Rodríguez-Ravelo Rodolfo, Restano-Cassulini Rita, Zamudio Fernando Z, Coronas Fredy I V, Espinosa-López Georgina, Possani Lourival D
Center for Mountain Development, Ministry of Science, Technology and, Environment, Limonar de Monte Roux, El Salvador Guantánamo, Cuba.
Department of Molecular Medicine and Bioprocesses, Biotechnology, Institute, National Autonomous University of Mexico, Avenida Universidad 2001, Colonia Chamilpa, Apartado Postal 510-3, Cuernavaca, Morelos 62210, Mexico.
Peptides. 2014 Mar;53:42-7. doi: 10.1016/j.peptides.2013.10.010. Epub 2013 Oct 25.

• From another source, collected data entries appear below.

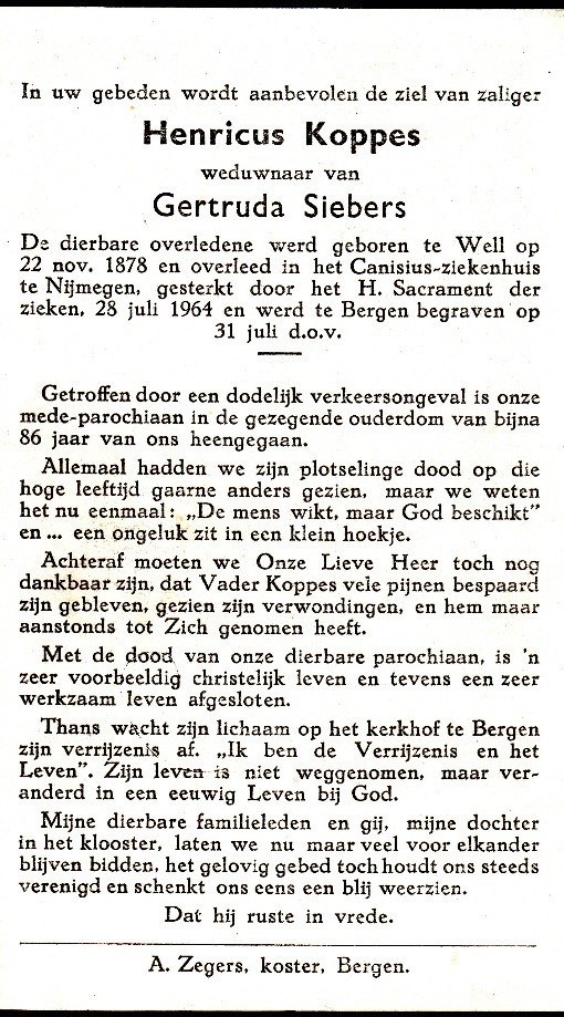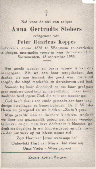 Hier is het huis overgegaan op Peter Henricus Koppes is geboren op vrijdag 22 november 1878 in Well, zoon van Godefridus Koppes en Petronella Rutten. Peter is overleden op dinsdag 28 juli 1964 in Nijmegen, 85 jaar oud. Hij is begraven op vrijdag 31 juli 1964 in Bergen. Peter trouwde, 31 jaar oud, op vrijdag 6 mei 1910 in Bergen met Anna Gertrudis Jacoba Siebers, 32 jaar oud. Anna is geboren op maandag 7 januari 1878 in Wanssum, dochter van Peter Nicolaas (Pieter) Siebers en Anna Catharina Swijen. Anna is overleden op vrijdag 18 september 1959 in Bergen, 81 jaar oud.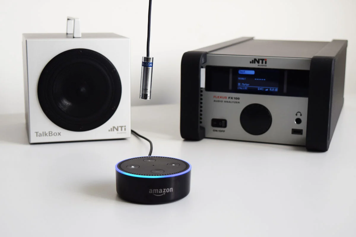 Der Amazon Echo Dot enthält sowohl einen Lautsprecher als auch ein Mikrofon-Array, die nacheinander in einer Open-Loop-Konfiguration getestet werden können. Hier sind die Instrumente, die Sie für den Test benötigen: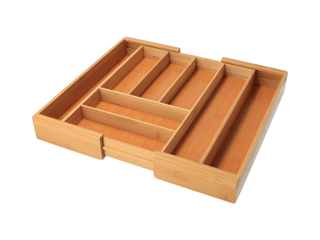 Bamboe bestekorganizer die zorgt voor perfecte orde in de keuken. Dankzij twee uitschuifbare compartimenten kunt u de afmetingen eenvoudig aanpassen aan de lade. De lengte kan worden ingesteld van 35 tot 58 cm.

A proteomic analysis of the venom obtained from the Cuban scorpion Rhopalurus garridoi was performed. Venom was obtained by electrical stimulation, separated by high performance liquid chromatography, and the molecular masses of their 50 protein components were identified by mass spectrometry. A peptide of 3940 Da molecular mass was obtained in pure form and its primary structure determined. It contains 37 amino acid residues, including three disulfide bridges. Electrophysiological experiments showed that this peptide is capable of blocking reversibly K(+)-channels hKv1.1 with a Kd close to 1 μM, but is not effective against hKv1.4, hERG1 and EAG currents, at the same concentration. This is the first protein component ever isolated from this species of scorpion and was assigned the systematic number α-KTx 2.14.
对从古巴蝎子加氏棒尾蝎(Rhopalurus garridoi)获取的毒液进行了蛋白质组学分析。通过电刺激获取毒液,用高效液相色谱法进行分离,并用质谱法鉴定其50种蛋白质成分的分子量。获得了一种分子量为3940 Da的纯肽,并确定了其一级结构。它含有37个氨基酸残基,包括三个二硫键。电生理实验表明,该肽能够以接近1 μM的解离常数(Kd)可逆地阻断钾离子通道hKv1.1,但在相同浓度下对hKv1.4、hERG1和EAG电流无效。这是首次从这种蝎子中分离出的蛋白质成分,被赋予系统编号α-KTx 2.14。